Police Raid on N.Y. Club Sets off First Gay Riot
by Dick Leitsch, Reprinted from New York Mattachine Newsletter.
The first gay riots in history took place during the pre-dawn hours of Saturday and Sunday, June 28-29 in New York's Greenwich Village. The demonstrations were touched off by a police raid on the popular Stonewall Club, 53 Christopher Street. This was the last (to date) in a series of harassments which plagued the Village area for the last several weeks.
Plainclothes officers entered the club at about 2 a.m., armed with a warrant, and closed the place on grounds of illegal selling of alcohol. Employees were arrested and the customers told to leave. The patrons gathered on the street outside and were joined by other Village residents and visitors to the area.

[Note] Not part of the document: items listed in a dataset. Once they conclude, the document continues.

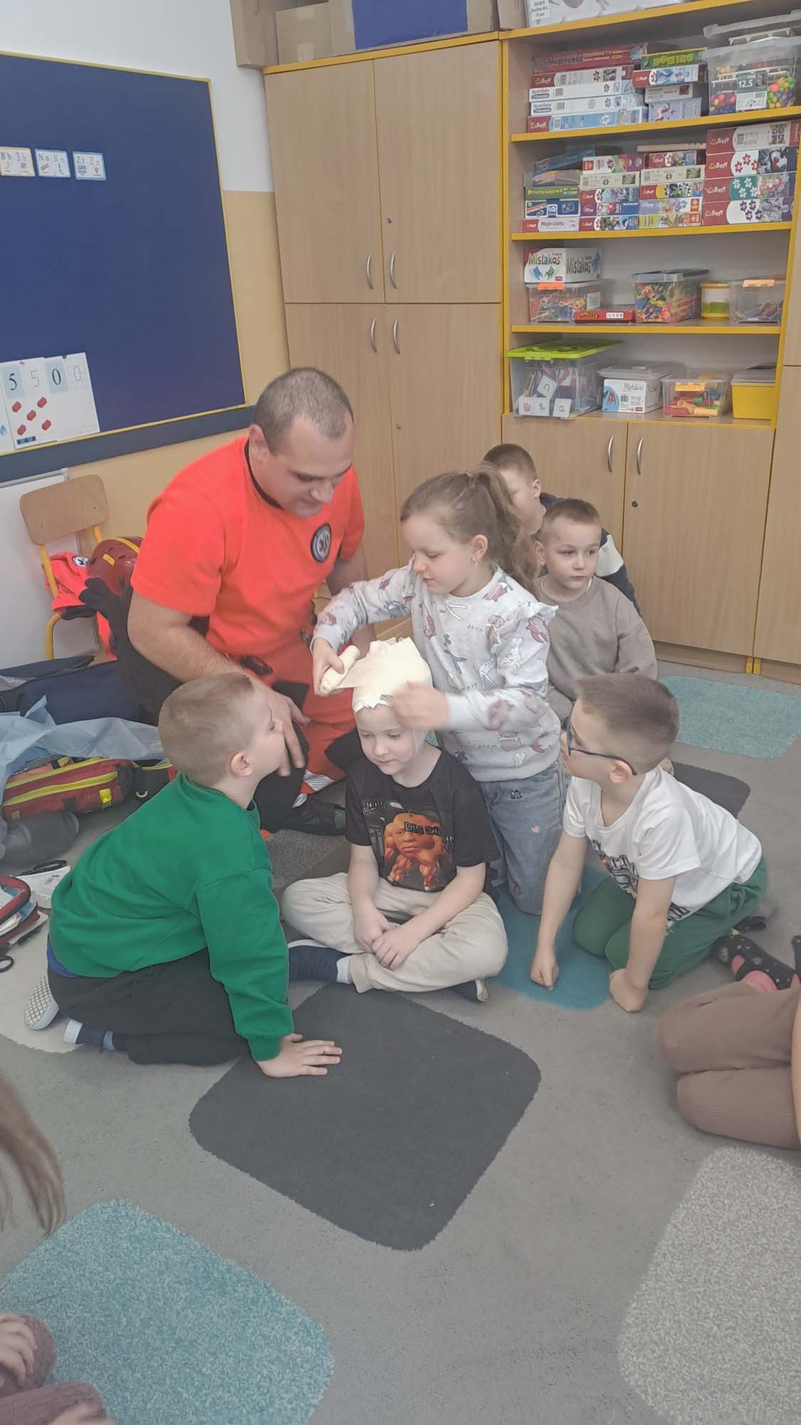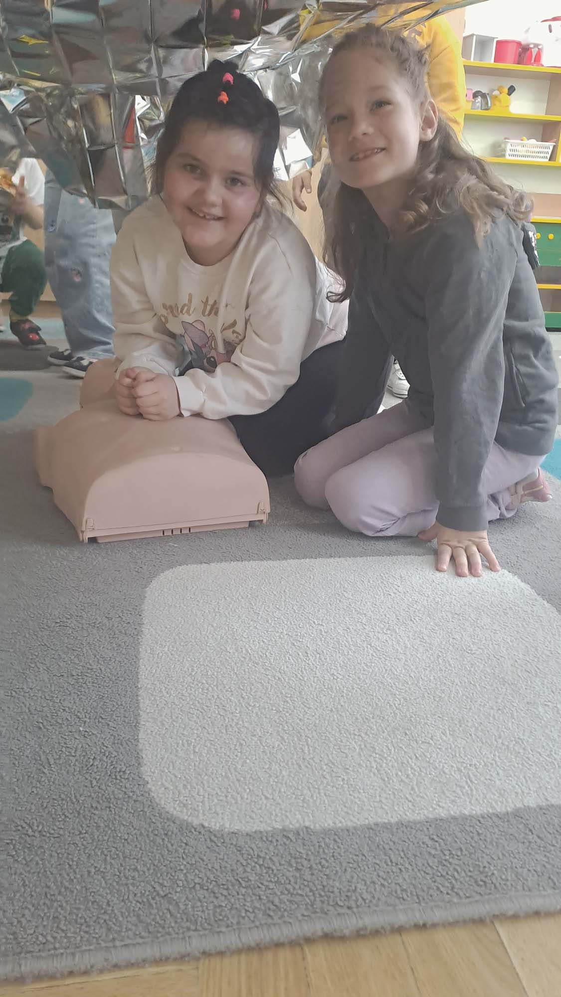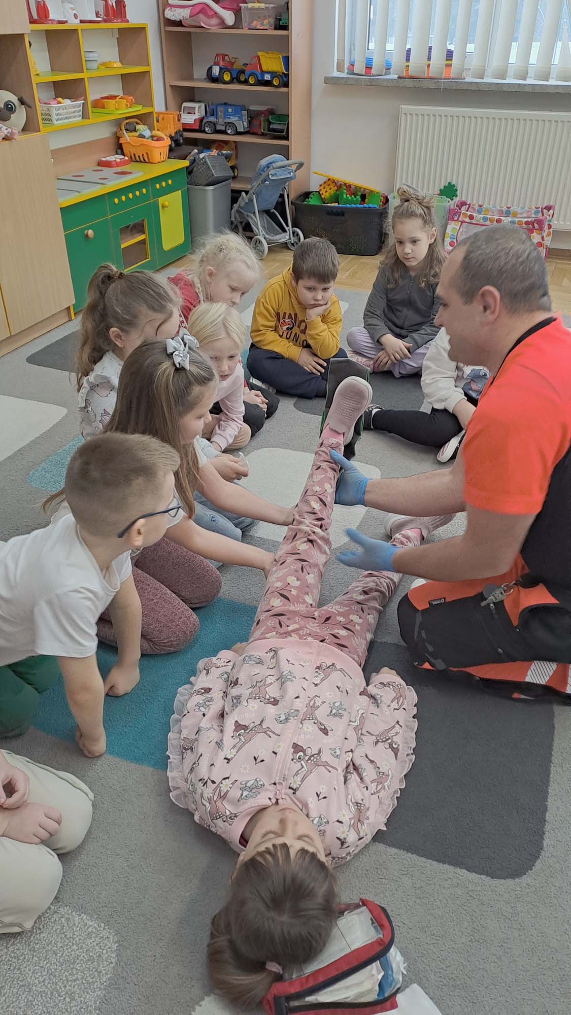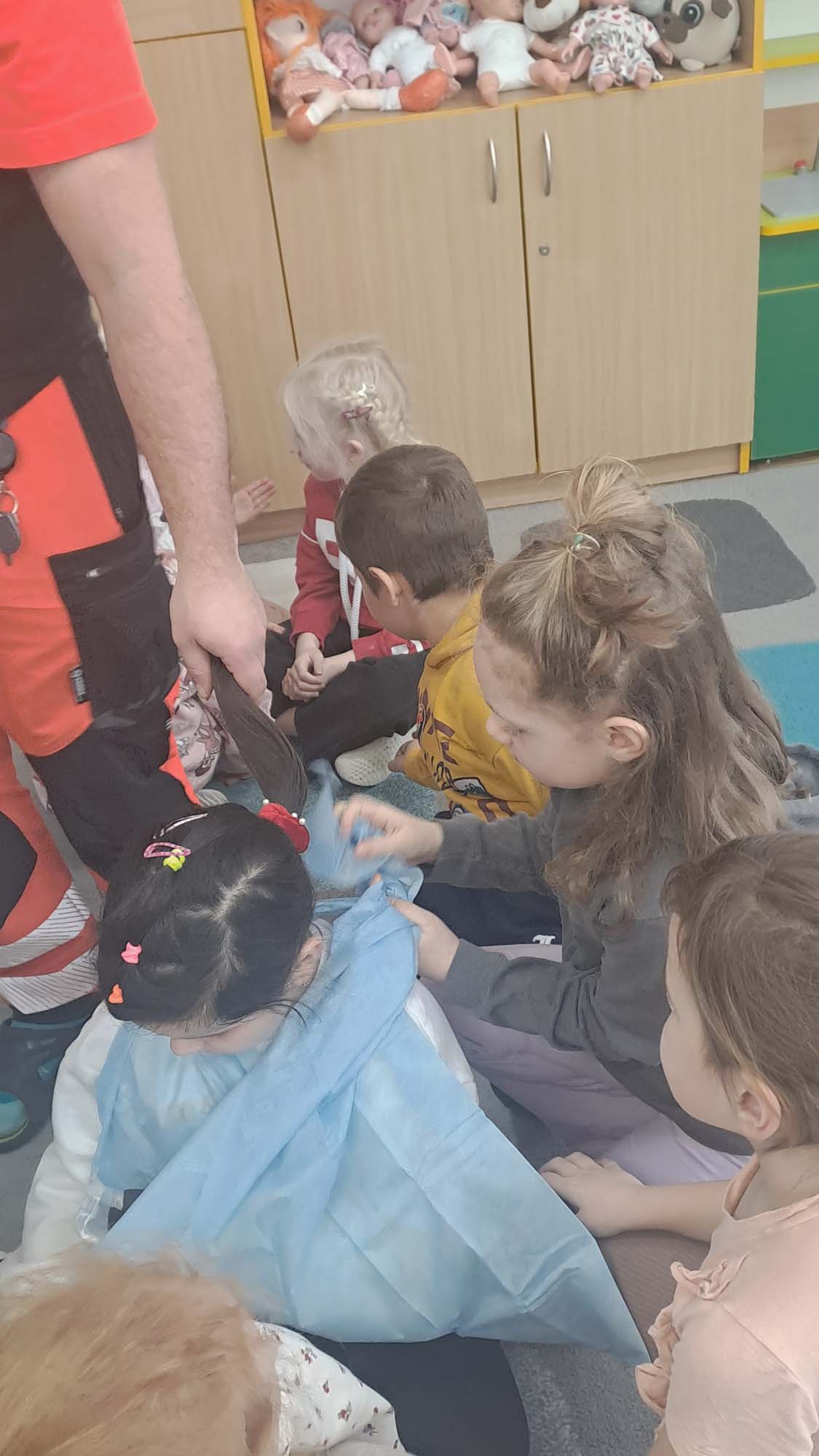 Spotkanie miało na celu kształtowanie pozytywnych i bezpiecznych postaw oraz zapoznanie dzieci z podstawowymi czynnościami ratowniczymi w przypadku nieobecności osób dorosłych. Była to doskonała lekcja – połączenie zabawy z przekazywaniem jakże istotnej wiedzy, która może przynieść nieoceniony efekt – ratowanie życia.
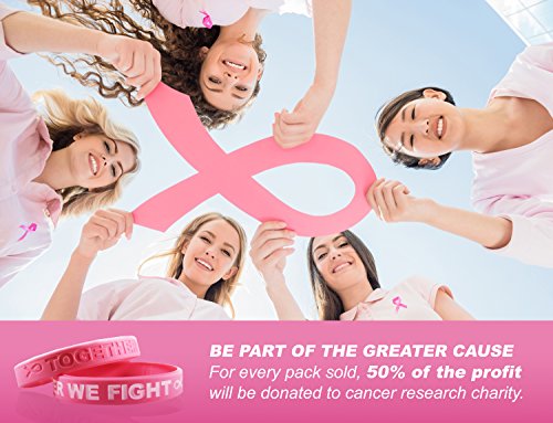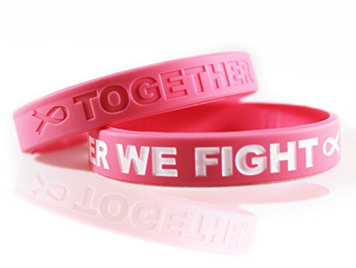 Cancer Awareness Bracelets With Saying TOGETHER WE FIGHT, Gift for Patients, Survivors, Family and Friends, Set of 2 Ribbon Silicone Rubber Wristbands for All
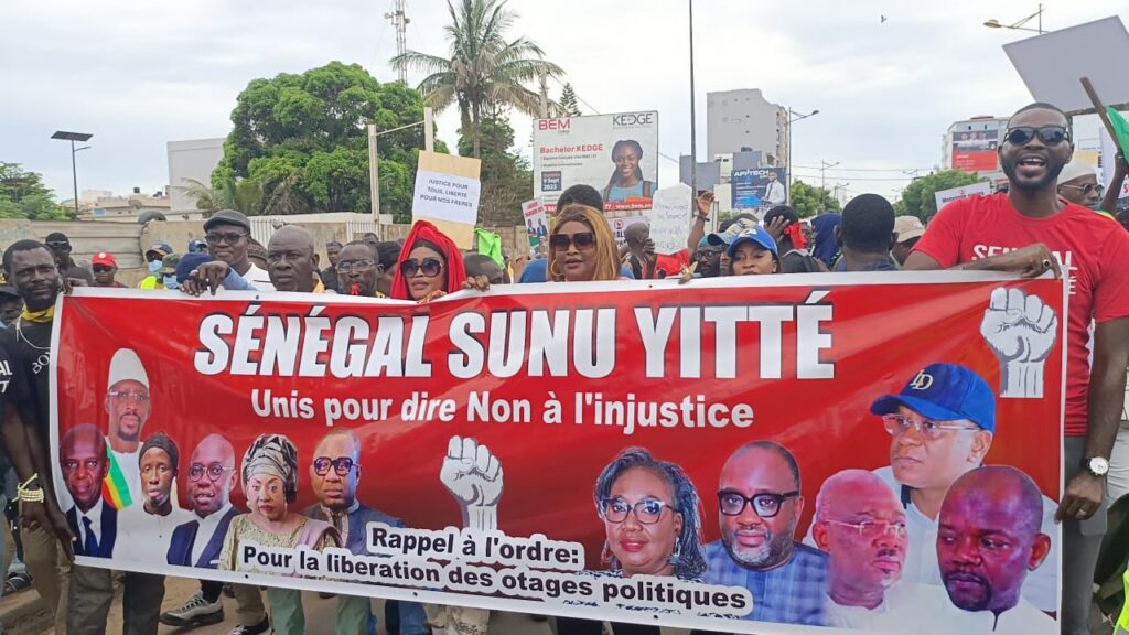 Des citoyens s’organisent et se mobilisent lors d’une marche pour demander la libération des détenus politiques et dénoncer les dérives du Pouvoir.

The police behaved, as is usually the case when they deal with homosexuals, with bad grace, and were reproached by "straight" onlookers. Pennies were thrown at the cops by the crowd, then beer cans, rocks, and even parking meters. The cops retreated inside the bar, which was set afire by the crowd.
A hose from the bar was employed by the trapped cops to douse the flames, and reinforcements were summoned. A melee ensued, with nearly a thousand persons participating, as well as several hundred cops. Nearly two hours later the cops had "secured" the area.
EVEN WAITERS' TIPS
The next day, the Stonewall management sent in a crew to repair the premises, and found that the cops had taken all the money from the cigarette machine, the jukebox, the cash register, and the safe, and had even robbed the waiters' tips!
Since they had been charged with selling liquor without a license, the club was reopened as a "free store," open to all and with everything being given away, rather than sold.
A crowd filled the place and the street in front. Singing and chanting filled Sheridan Square Park, and the crowds grew quickly.
At first, the crowd was all gay, but as the weekend tourists poured into the area, they joined the crowds. They'd begin by asking what was happening. When they were told that homosexuals were protesting the closing of a gay club, they'd become very sympathetic, and stayed to watch or to join in.
One middle-aged lady with her husband told a cop that he should be ashamed of himself. "Don't you know that these people have no place to go and need a place like that bar?" she shouted. (Several hours later, she and her husband with two other couples, were seen running with a large group of homosexuals from the night sticks brandished by the Tactical Police Force.)
The crowds were orderly, and limited themselves to singing and shouting slogans such as "Gay Power," "We Want Freedom Now," and "Equality for Homosexuals." As the mob grew, it spilled off the sidewalk, oveflowed Sheridan Square Park, and began to fill the roadway. One of the six cops who were there to keep order began to get smart and cause hostility.
A bus driver blew his horn at the meeting, and someone shouted, "Stop the Bus!" The crowd surged onto the street and blocked the progress of the bus. As the driver inched ahead, someone ripped off an advertising card and blocked the windshield with it. The crowd beat on the sides of the (empty) bus and shouted, "Christopher Street belongs to the queens!" and "Liberate the street."